_Assignment_
In the listing below, the lines starting with the line with "Vishakha Collections presents" and going on through the line with "19 20 23 30" are to be reproduced exactly, and only those.

(Task inputs Opens)

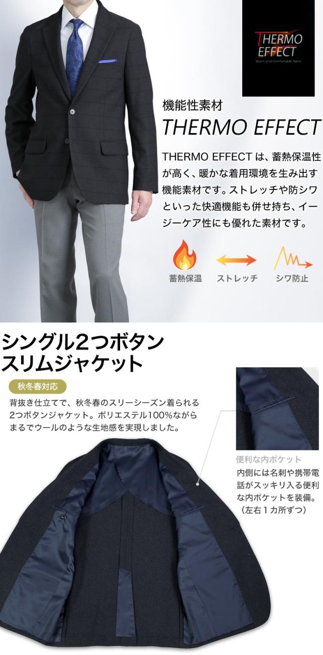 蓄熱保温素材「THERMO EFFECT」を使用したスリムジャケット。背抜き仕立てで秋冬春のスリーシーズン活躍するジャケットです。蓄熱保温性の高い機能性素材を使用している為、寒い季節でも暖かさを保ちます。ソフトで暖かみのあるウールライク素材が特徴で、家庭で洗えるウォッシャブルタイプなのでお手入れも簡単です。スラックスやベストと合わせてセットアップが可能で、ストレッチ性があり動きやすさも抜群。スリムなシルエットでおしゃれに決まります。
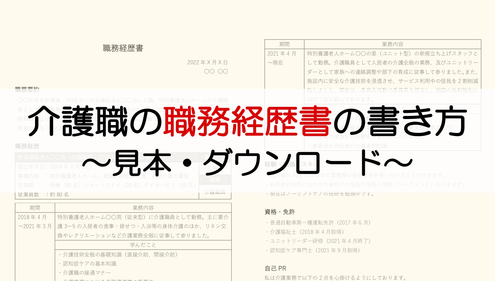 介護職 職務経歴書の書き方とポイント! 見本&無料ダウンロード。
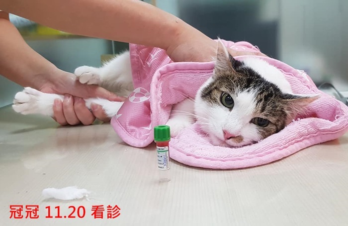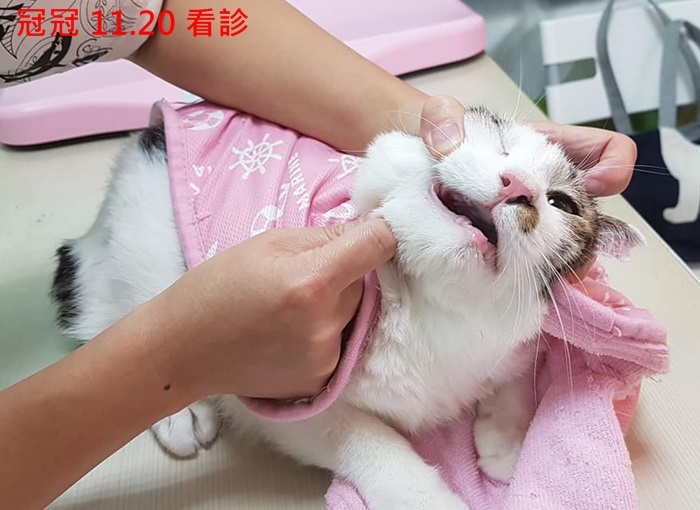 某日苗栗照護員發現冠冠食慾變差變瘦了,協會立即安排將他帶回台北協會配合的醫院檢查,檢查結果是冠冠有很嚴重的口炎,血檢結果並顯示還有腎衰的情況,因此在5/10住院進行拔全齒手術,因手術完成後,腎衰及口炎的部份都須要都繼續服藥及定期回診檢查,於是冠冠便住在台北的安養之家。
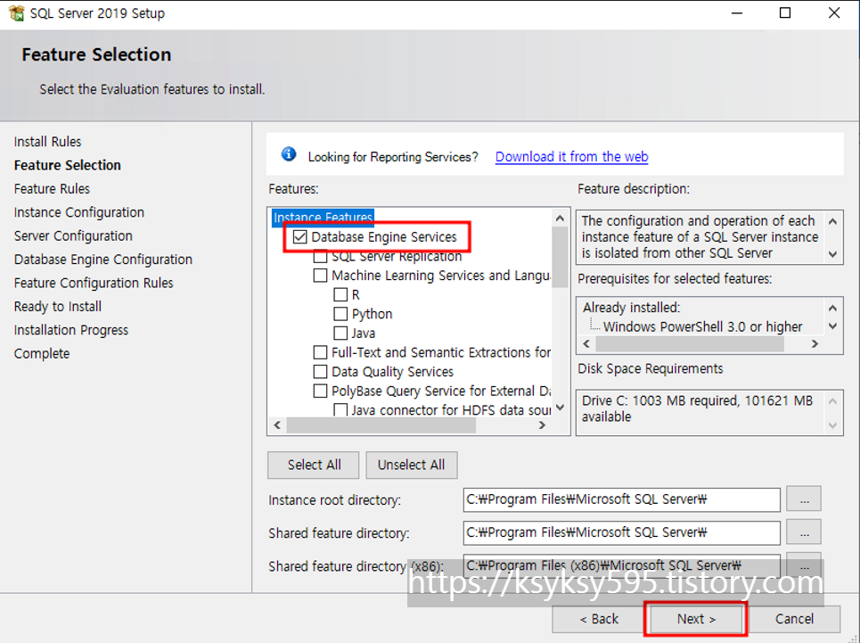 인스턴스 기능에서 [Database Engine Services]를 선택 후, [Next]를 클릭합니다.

(Task inputs Closes)
(Task inputs Opens)

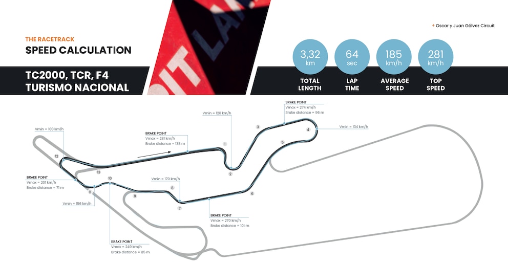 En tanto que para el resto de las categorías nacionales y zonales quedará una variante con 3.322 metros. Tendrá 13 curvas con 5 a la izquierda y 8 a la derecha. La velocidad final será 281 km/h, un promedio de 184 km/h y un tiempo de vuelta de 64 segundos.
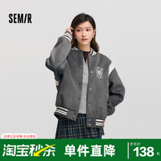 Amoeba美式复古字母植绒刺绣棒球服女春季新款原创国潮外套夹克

(Task inputs Closes)
(Task inputs Opens)

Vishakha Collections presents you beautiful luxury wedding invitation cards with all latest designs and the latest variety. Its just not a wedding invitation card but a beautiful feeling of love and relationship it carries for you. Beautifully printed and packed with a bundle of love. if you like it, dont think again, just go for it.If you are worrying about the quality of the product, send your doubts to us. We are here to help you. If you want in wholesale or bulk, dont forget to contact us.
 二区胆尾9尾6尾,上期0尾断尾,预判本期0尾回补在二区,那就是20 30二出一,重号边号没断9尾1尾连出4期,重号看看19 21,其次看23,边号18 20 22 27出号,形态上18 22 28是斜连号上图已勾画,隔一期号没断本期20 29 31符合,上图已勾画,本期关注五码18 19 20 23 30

(Task inputs Closes)

_Result below_
Vishakha Collections presents you beautiful luxury wedding invitation cards with all latest designs and the latest variety. Its just not a wedding invitation card but a beautiful feeling of love and relationship it carries for you. Beautifully printed and packed with a bundle of love. if you like it, dont think again, just go for it.If you are worrying about the quality of the product, send your doubts to us. We are here to help you. If you want in wholesale or bulk, dont forget to contact us.
 二区胆尾9尾6尾,上期0尾断尾,预判本期0尾回补在二区,那就是20 30二出一,重号边号没断9尾1尾连出4期,重号看看19 21,其次看23,边号18 20 22 27出号,形态上18 22 28是斜连号上图已勾画,隔一期号没断本期20 29 31符合,上图已勾画,本期关注五码18 19 20 23 30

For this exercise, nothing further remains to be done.